WHO warns Congo Ebola outbreak outpaces response amid war
False Ebola claims spread as Congo’s outbreak raced through a war zone, with 43 cases and 33 deaths reported within days of the declaration.

False Ebola claims spread through eastern Congo as health workers tried to slow an outbreak moving through war, displacement and fear. The Democratic Republic of the Congo declared its 10th Ebola outbreak on August 1, 2018, in North Kivu province, only eight days after a prior outbreak in Équateur province was declared over.
The World Health Organization said the North Kivu-Ituri outbreak became the world’s second-largest Ebola outbreak on record. By August 3, WHO had reported 43 cases, including 13 confirmed and 30 probable, and 33 deaths. Three health-care workers were among the people affected, and one of them died. WHO said the outbreak was unfolding in an active conflict zone, a setting that made it far harder to trace contacts, move vaccine teams and keep treatment sites open.

That collision between violence and misinformation became one of the outbreak’s defining features. Health officials needed communities to believe that reporting symptoms early, accepting vaccination and cooperating with contact tracers could break chains of transmission. Instead, rumors and mistrust spread alongside the virus, feeding fear of treatment centers and weakening the response at the exact moment when speed mattered most. WHO said the outbreak involved four separate locations, including an urban center linked by river to Kinshasa and neighboring countries, raising the risk that confusion in one place could quickly become a regional problem.

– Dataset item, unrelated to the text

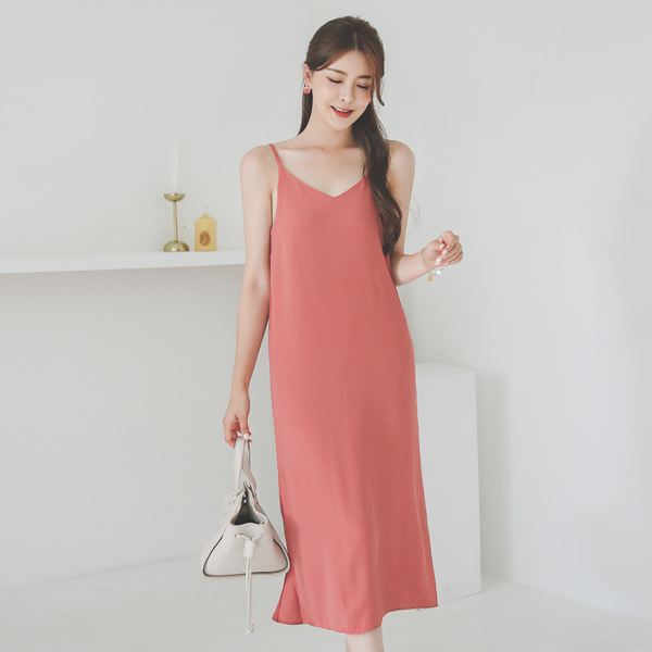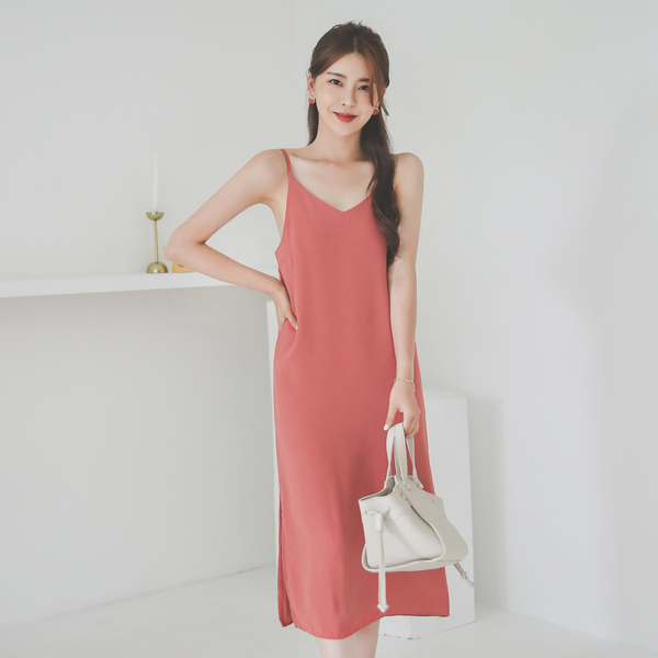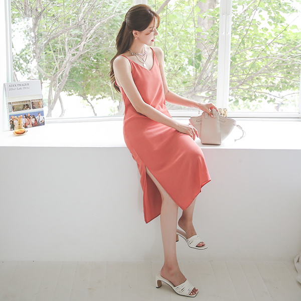 サイド スリット ブイネック ロング ビュスチエ ワンピース

The human toll deepened as the outbreak spread. By September 16, UNICEF said there were more than 140 reported cases, and children were an unusually large share of those affected. Many were already coping with the illness or death of parents and other loved ones, a sign that Ebola was tearing through households as responders struggled to reach them. In displacement settings, the response was often improvised and thinly resourced, with basic infection control made harder by shortages of water and equipment.

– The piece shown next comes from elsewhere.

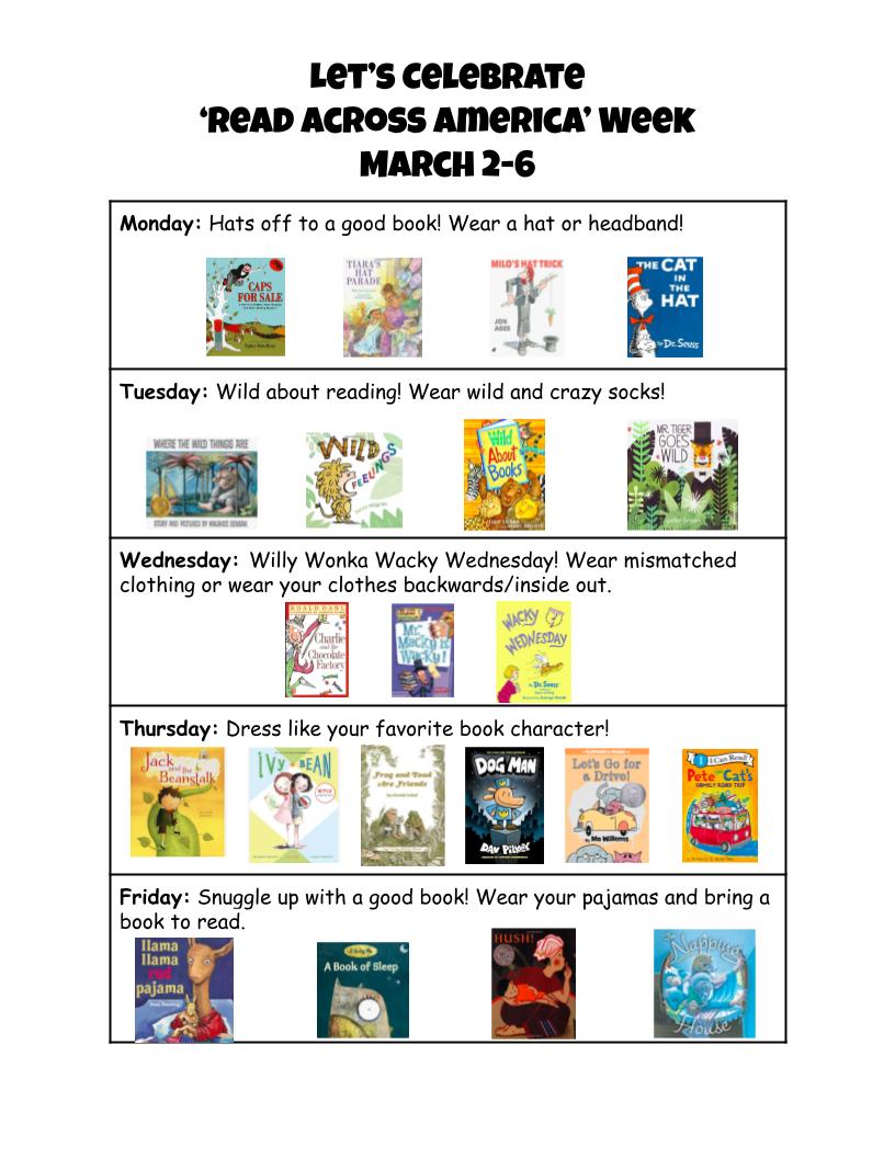 | The week of March 2nd is Read Across America which Waller will be celebrating. There will be fun dress up days and special events planned for the week. Take a look at the dress up days below and feel free to join in on the fun!

WHO later declared the outbreak over on June 25, 2020, after nearly two years and 2,287 lives lost. The agency used a 42-day benchmark, two incubation periods with no new cases, before closing the outbreak. Tedros Adhanom Ghebreyesus and Matshidiso Moeti marked that end, but the warning from 2018 still stands: in eastern Congo, Ebola did not spread only through contact with bodily fluids. It also spread through insecurity, rumor and the erosion of trust, which turned every delay into another opening for the virus.